At the start of the novel, Tiffany is working as a massage therapist at The Kundalini Spa. This aspect of the novel is probably the most autobiographical. I have been a massage therapist for the past nine years, and for seven of those years I worked part time for two different spas. Tiffany shares many of my frustrations with my jobs, such as the often boring and repetitive nature of giving relaxation massages to tourists who don’t want to talk about themselves and just want to lie down and get their massage without making a connection with the therapist. Don’t get me wrong: most of my fellow therapists loved this, but it bugged me and it bugs Tiffany.

Part of the reason it bothers Tiffany is that massage was not her first career choice. She was an artist. Soon after the novel opens, she realizes that she wants to reclaim that aspect of herself. She decides to become a fashion designer. I am not sure really why I chose this path for her. As she is the most autobiographical character in the novel, I suppose it was a parallel track to deciding to write. I know one fashion designer pretty well, but she has gone about her career very differently from the way my character decides to do it. This choice is more modeled on a friend who is a graphic designer, and what I knew about her schooling.

Lauren’s career issues take a back seat to those of her marriage, but they crop up a little. She is an art dealer (modeled on someone I know here in Bend), with a degree in museum studies (don’t we all know people who have settled?) who is asked to put together a museum exhibit and decides to stretch herself and make it happen despite self-doubts that creep up along the way.

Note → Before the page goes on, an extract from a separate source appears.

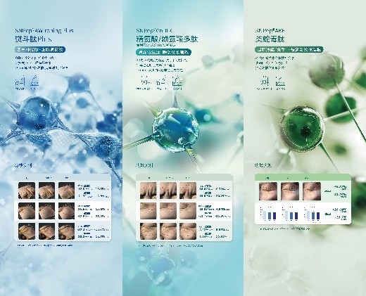 现已拥有80+款美容肽产品,涵盖抗皱紧致、舒缓修护、美白淡斑、眼周护理、生发防脱等五大核心功效板块,满足不同的肤质和护肤需求。
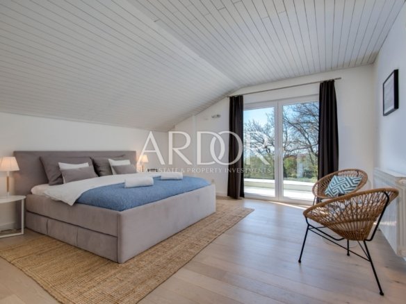 Vila ima štiri prostorne spalnice, vsaka z moderno opremljeno lastno kopalnico, kar zagotavlja popolno udobje in zasebnost. Kuhinja je vrhunsko opremljena in idealna za najzahtevnejše kulinarične navdušence.

Jennifer’s career choices are the rockiest of the three, because they are intertwined with her marriage. This allowed me to explore a common thread in women’s lives: how to balance the two and when to give up on one or the other of them. So often, at least before this recession, it is the woman who gives up her dreams in order to have a family. My own mother did this. Of course, she was from a different generation, but it still happens all of the time.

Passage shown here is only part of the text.